(Saved data entries)
▶

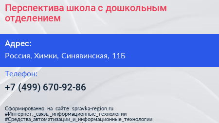 Перспектива, школа с дошкольным отделением по адресу Школа Перспектива, 1-я Сестрорецкая улица, Черкизово, Молжаниновский район, Новоподрезково, Москва, городской округ Химки, Москва, Центральный федеральный округ, 119618, Россия в дальнейшем Организация, размещена в следующих категориях:
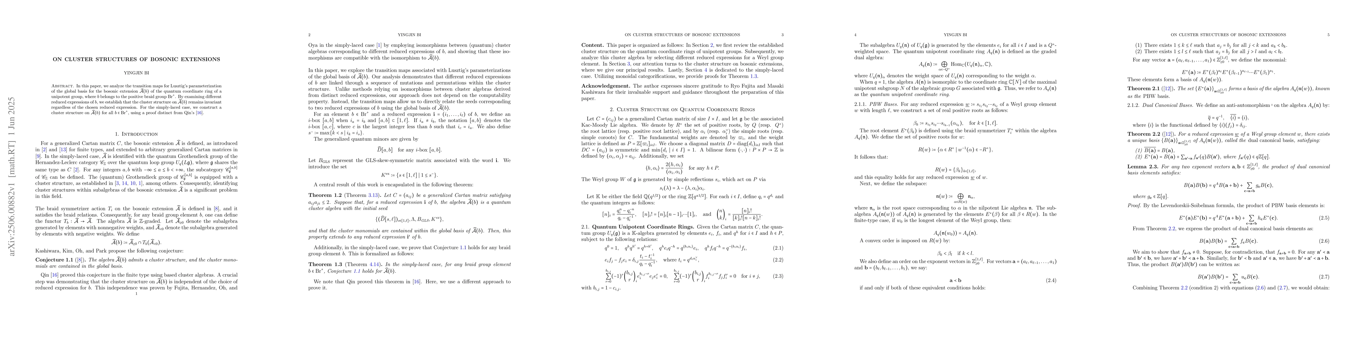 Establishment of cluster structure invariance for bosonic extensions under Lusztig's parameterization and construction of a cluster structure for all $b \in \operatorname{Br}^+$ in the simply-laced case.
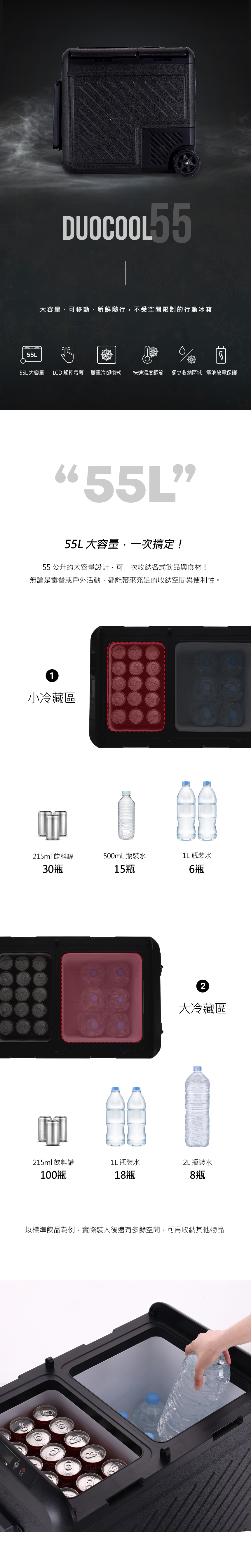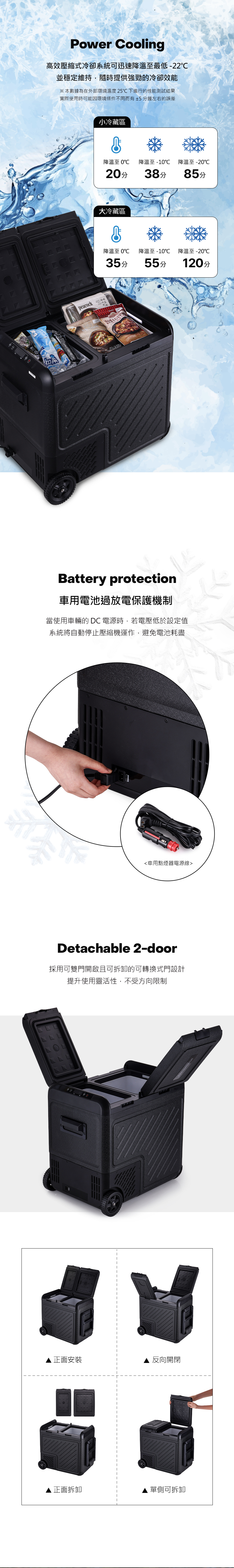 溫度範圍從-22℃到+20℃,可分區控制冷藏與冷凍
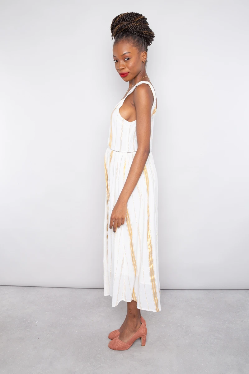 ⹠Robe longue bohÚme chic sans manches, à rayures dorées en coton
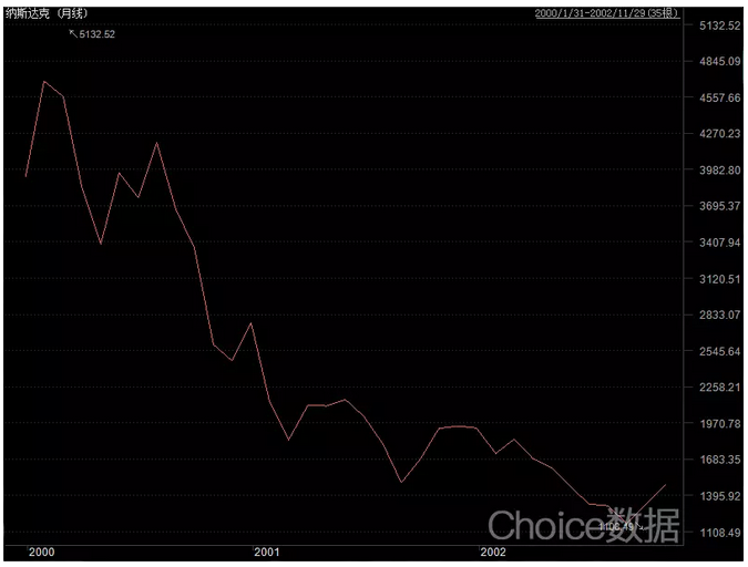 有意思的是,就在2000年第一季度后,纳斯达克指数开始了泡沫破灭的行情。到2002年,纳斯达克指数累计下跌近80%,标普500指数也被带崩40%之多。尽管作为新兴行业的互联网在成长阶段的高增长是诱人的,但过高的预期带来的估值泡沫更是需要警惕的。
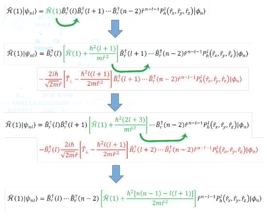 which further tells us that we must have again. Hence, and the energy eigenvalue is —the same value for every state in the chain that we can create, down to . This completes the argument that we must choose consecutive integers in the chain of operators to yield an energy eigenstate. The results are shown in Figure 1 for the first three energy multiplets. We next establish these results rigorously, deriving all of the required details. A schematic of how the calculation is structured is given in Figure 2.
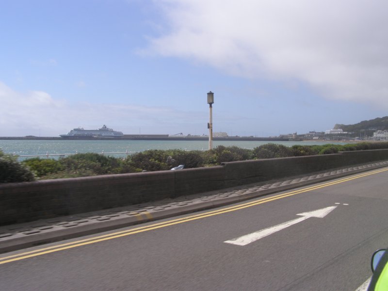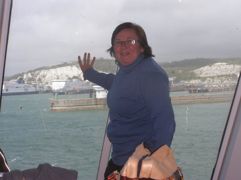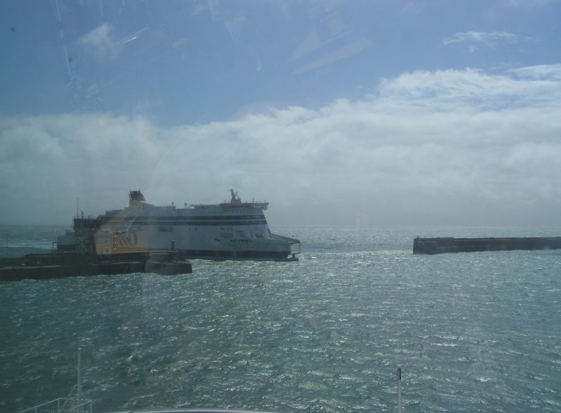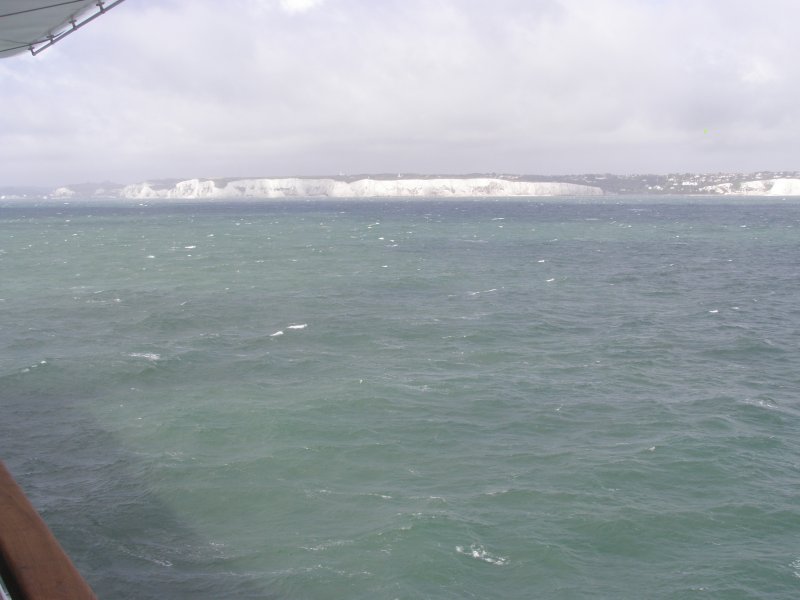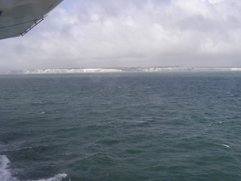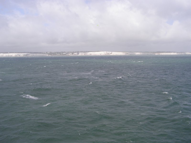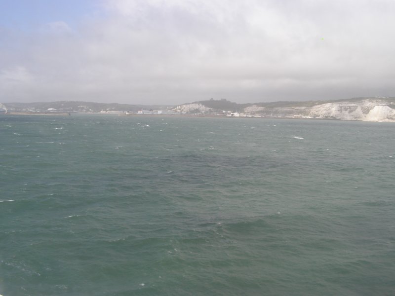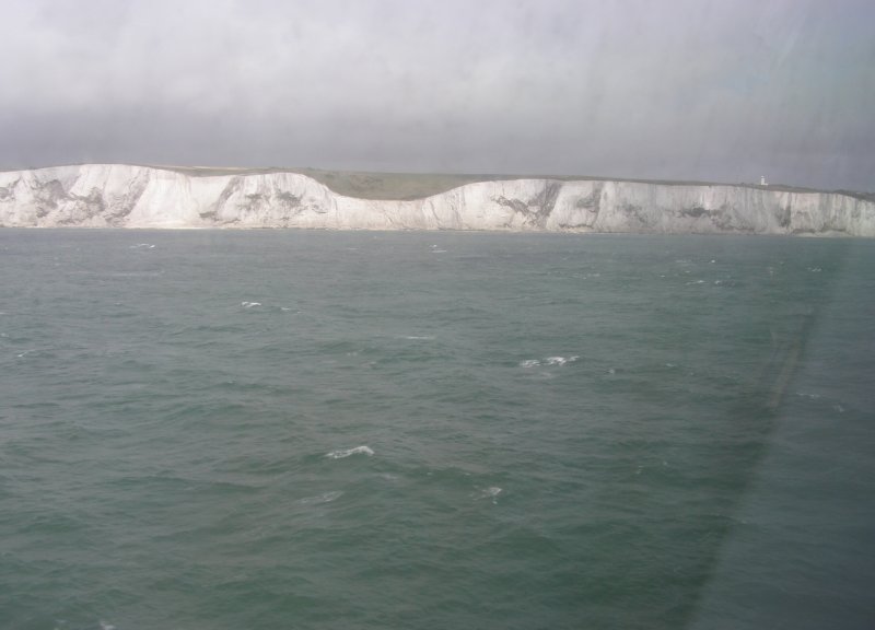 Om 8:45 uur is iedereen buiten bij de motor. Gepakt en gezakt rijden we naar de boot die ons naar Dover zal brengen. We rijden voorspoedig en zijn ook snel door de controles en de douane. Dan wordt het wachten totdat we de boot op kunnen. Alles verloopt snel en om 10:00uur is iedereen op de boot. Motors vastgesjord en naar boven om daar een plaatsje te zoeken waar we tijdens de overtocht kunnen zitten. We vinden aan de voorkant van de boot een fijne zitplaats. Jassen uit en helmen erbij leggen. We pakken nog iets wat we overhebben van het ontbijt, worst, crackers en een eitje. Net voor we aankomen bij de Engelse kust zien we de White Cliffs of Dover. Even na 11:00 uur Engelse tijd komen we aan bij Dover. Rustig de boot aan laten meren en naar beneden naar de motors. Zelf de motors losmaken en we kunnen na een tijdje van de boot af. We rijden met de stroom mee door Dover. We zijn in Engeland. Zie ook dit filmpje

◀

__What the task asks__
Above are records with pictures; repeat the records exactly and leave the pictures out.

__Task output__
 Перспектива, школа с дошкольным отделением по адресу Школа Перспектива, 1-я Сестрорецкая улица, Черкизово, Молжаниновский район, Новоподрезково, Москва, городской округ Химки, Москва, Центральный федеральный округ, 119618, Россия в дальнейшем Организация, размещена в следующих категориях:
 Establishment of cluster structure invariance for bosonic extensions under Lusztig's parameterization and construction of a cluster structure for all $b \in \operatorname{Br}^+$ in the simply-laced case.
 溫度範圍從-22℃到+20℃,可分區控制冷藏與冷凍
 ⹠Robe longue bohÚme chic sans manches, à rayures dorées en coton
 有意思的是,就在2000年第一季度后,纳斯达克指数开始了泡沫破灭的行情。到2002年,纳斯达克指数累计下跌近80%,标普500指数也被带崩40%之多。尽管作为新兴行业的互联网在成长阶段的高增长是诱人的,但过高的预期带来的估值泡沫更是需要警惕的。
 which further tells us that we must have again. Hence, and the energy eigenvalue is —the same value for every state in the chain that we can create, down to . This completes the argument that we must choose consecutive integers in the chain of operators to yield an energy eigenstate. The results are shown in Figure 1 for the first three energy multiplets. We next establish these results rigorously, deriving all of the required details. A schematic of how the calculation is structured is given in Figure 2.
 Om 8:45 uur is iedereen buiten bij de motor. Gepakt en gezakt rijden we naar de boot die ons naar Dover zal brengen. We rijden voorspoedig en zijn ook snel door de controles en de douane. Dan wordt het wachten totdat we de boot op kunnen. Alles verloopt snel en om 10:00uur is iedereen op de boot. Motors vastgesjord en naar boven om daar een plaatsje te zoeken waar we tijdens de overtocht kunnen zitten. We vinden aan de voorkant van de boot een fijne zitplaats. Jassen uit en helmen erbij leggen. We pakken nog iets wat we overhebben van het ontbijt, worst, crackers en een eitje. Net voor we aankomen bij de Engelse kust zien we de White Cliffs of Dover. Even na 11:00 uur Engelse tijd komen we aan bij Dover. Rustig de boot aan laten meren en naar beneden naar de motors. Zelf de motors losmaken en we kunnen na een tijdje van de boot af. We rijden met de stroom mee door Dover. We zijn in Engeland. Zie ook dit filmpje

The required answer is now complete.